In unrelated news, I had the most awesome Do Now today: the kids had to listen to two minutes of Radiolab that discussed a moral dilemma and apply that discussion to the morality of “Monsters, Inc.” The dilemma revolves around the idea of doing what is best for the individual or what is best for the group—and what to do when the two conflict. For the record, the Radiolab is hilarious and involves some pretty silly sound effects of a train killing lots of people. The kids loved it! Only fourth period wouldn’t shut up long enough for me to play the clip. It was so out of control—again—that I had both JC and FR removed. I am so over the bullshit. If only I could actually tell freshmen to drop out. It would certainly be better for the group if JC and FR never returned to the classroom. Of course, it would be pretty disastrous for them as individuals. But it’s hard not to think their lives are already disasters.

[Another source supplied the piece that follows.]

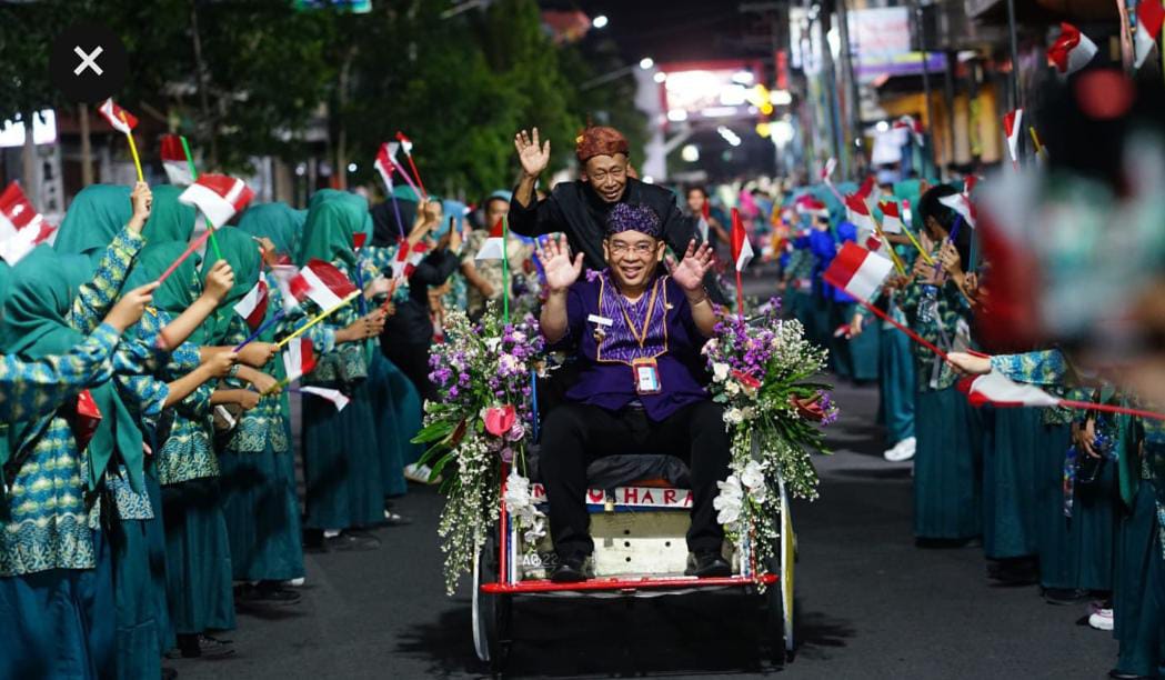 Menariknya, para delegasi yang menggunakan pakaian khas Kota Kediri itu diarak menaiki becak hias dari hotel menuju venue acara. Momen ini menjadi simbol keakraban dan penghargaan terhadap budaya lokal, menciptakan suasana guyub yang mengesankan

Fake flowers on the Mad Good Student Work board.
090608: Day 172
I’m showing “Monsters, Inc” today, tomorrow and Wednesday. We all need a break. It’s surprising how much less complicated “Monsters, Inc” is as compared to “The Incredibles.” That said, QF was extraordinarily excited to see the show; apparently it’s one of his favorites.

Seeing as how it’s the end of the year, I figure I should start ending some of the stories I started. LS, whom you may remember from that time she ran away but didn’t really (see Day 122), is no longer on roster. A couple weekends ago she was arrested in Brooklyn and since that time she has been back in a psychiatric institution.

I am sad to lose her. She was creative and literate. Her favorite subject was English. She completed all her homeworks with a high level of effort and proficiency and absolutely destroyed tests. Her short story, involving two girls fighting over a shoe stuck to the carpet with gum, was inspired and violent.

Sometimes kids are fucked up beyond your reckoning before you even meet them.

06
Dec
08

Week 15: December 1-5

Go Anal!
081205: Day 64
After watching an episode of “Supernanny” on the internet the other day, I was reminded of the importance of praise. Supernanny was just being her usual, awesome self, advising sad/crazy mom that she needed to use ample praise to encourage her kids when they were doing well, but it was kind of revelatory for me.

I am embarrassed to say that it took “Supernanny” to make me realize that praising the good kids will probably improve class morale and functionality better than yelling, and take less energy to boot. So many of the kids are abominable, but even more of them are sweet, want to learn, and hold strong in the face of the chaos that is our classrooms.

Sadly, rewards remain canceled (see Day 46), at least partially because I got injured this week due to my kids’ poor behavior, so I photocopied the following note onto florescent paper:

Dear _____________________________,

Thank you for your excellent work today! Let this note show that I recognize and appreciate your effort in class.

best,
Ms. G

I personalized them during class, added a smiley face next to my name, and passed them out at the conclusion to the kids who deserved them. BU was ecstatic–if faces could really glow, his would have been on fire–so I consider the idea a success.

This was how tired I was this morning.
081204: Day 63
I was physically harmed during class today. SC has been sexually harassing SF for an undetermined length of time: he was making sexual remarks about her and her grandmother today in my class and he showed her his penis in the cafeteria earlier in the week. SF finally had enough and she chased him, presumably to hit him. SC ran full bore into my gut, knocking the wind out of me.

SC is suspended for the sixth or seventh time. SF filed sexual harassment charges against him with the school and with the police. AP A called SC’s mom into the school and pressured her to have him reevaluated: he cannot deal with a community school and needs a specialized setting. At least, that’s what we hope the reevaluation will determine.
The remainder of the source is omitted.